Oh, but wait, we’re supposed to realize huge cost savings by “reforming” health care which is a government euphemism for “we’re going to tell you what you have to do and fine you into oblivion if you don’t”. Let’s say, for the sake of argument, that health care “reform” reduces costs by 50% across the board assuming that’s even possible. I know 50% is an arbitrary number picked out of thin air simply because our elected horse thieves are too slippery to commit to an estimate of potential cost savings when they have a hard time putting a price tag on how much their special deals and kickbacks are going to cost. Either way, I think most people would agree that a 50% cost savings represents a fair definition of “huge” savings. 50% of $2.84 trillion is still $1.42 trillion. How much does the IRS collect in taxes each year? Oh yeah, that’d be about $1.4 trillion. Now there’s a pill we can’t afford to swallow.

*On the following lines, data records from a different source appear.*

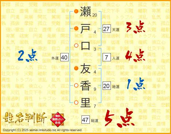 瀬(20画)戸(4画)口(3画) 友(4画)香(9画)里(7画)
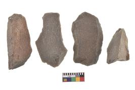 | Description / विवरण | There are n-4 of utilized flake cores. There are multidirectional irregular dominant scar pattern on both dorsal and ventral face of the cores. |
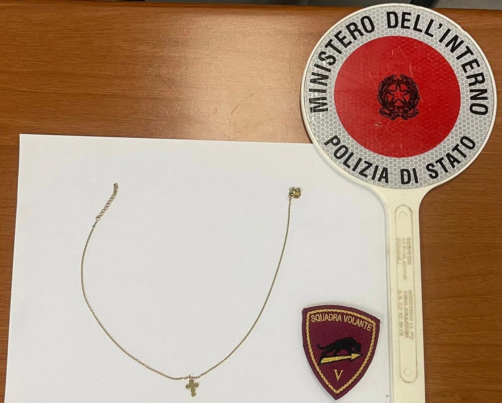 Gli autori del furto venivano quindi rintracciati pochi ore più tardi proprio nei pressi dell’albergo dove, sottoposti a perquisizione personale, i poliziotti rinvenivano la catenina sottratta al denunciante.
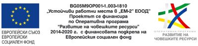 “ЕМ – 2” ЕООД финализира изпълнението на договор № BG05M9OP001-1.003-1810-С01 по процедура „Ново работно място 2015” на ОП „Развитие на човешките ресурси” 2014 – 2020 г. Проектът „Устойчиви работни места в „ЕМ-2” ЕООД” с продължителност 15 месеца приключва на 03.07.2018 год.
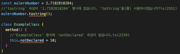 이처럼 타입스크립트는 실수를 저질렀을 때 버그를 아주 잘 잡아낼 수 있습니다.
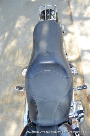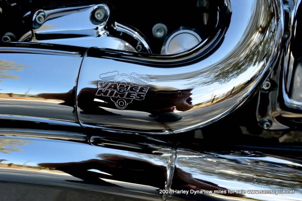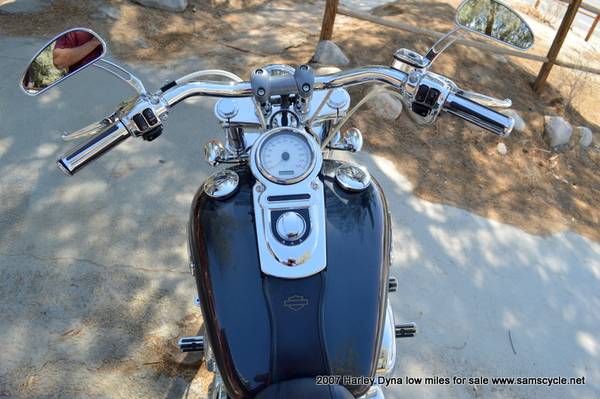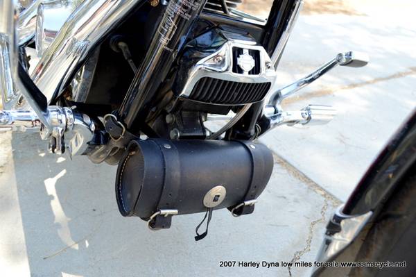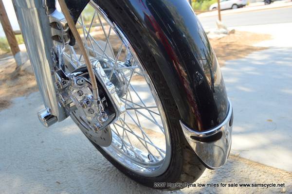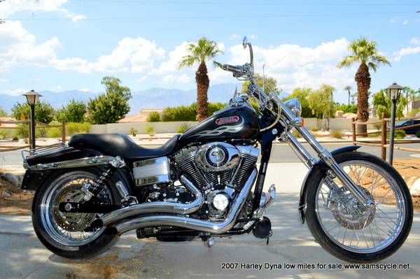 The 2007 Harley-Davidson Dyna Wide Glide (FXDWG) is a factory custom cruiser featuring a 96 cubic inch (1584cc) engine, a six-speed transmission, and signature styling with a raked-out 49mm front fork, a 21-inch front wheel, and ape-hanger handlebars. It also includes a bobtail rear fender, a tank-mounted speedometer, and it comes with the optional Profile Laced Wheels.
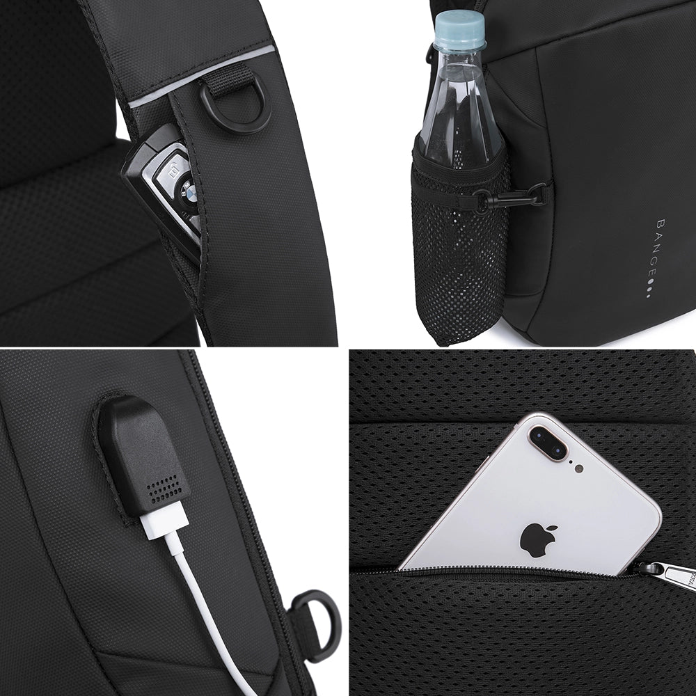 Rucsac unisex crossbody, din poliester rezistent la apa cu port USB si buzunar ascuns pe spate, BANGE BG1912

While we’re on the subject of cutting costs and budgets, I challenge anyone to try cutting your household expenses by 50% and tell me how that works out for you. Unless you are super wealthy, you cannot cut your expenses in half and maintain the same lifestyle. It can’t be done without making hard choices about who gets paid and who doesn’t or what things are necessities and which are luxuries. The same applies to our nation.

Now, last time I checked, America was supposed to be more or less a capitalist, free market economy. I know you can easily argue that any government regulation on the marketplace or economy moves us away from a truly free market economy, but that’s a whole ‘nother other can of worms (as mom would say) which I don’t have time to get into right now. So, in theory, goods and services as well as wages are determined in the marketplace. How is it possible to achieve 50%, or any percentage for that matter, health care cost savings without government interfering with the marketplace? You cain’t make a race horse out of that jack ass (I apologize. I spent some time in east Texas earlier this week. I promise I’ll be back to normal soon).

Do you want the government telling you how much you can charge for your goods or services? The pharmaceutical industry certainly doesn’t which is why they “helped” write the health care reform legislation. Do you want to invest a significant portion of your life educating yourself to be a doctor and have the government dictate that you can only charge $1 for your services (I know it’s not that extreme, but I am exaggerating on purpose)?

The constitution does not guarantee any person or company a “free lunch”. Nor does it provide any guarantees that future success will match past performance. The government has no business providing bailouts to any individual, group or company. We have to learn to stand or fall on our own two feet and live within our means. TANSTAAFL.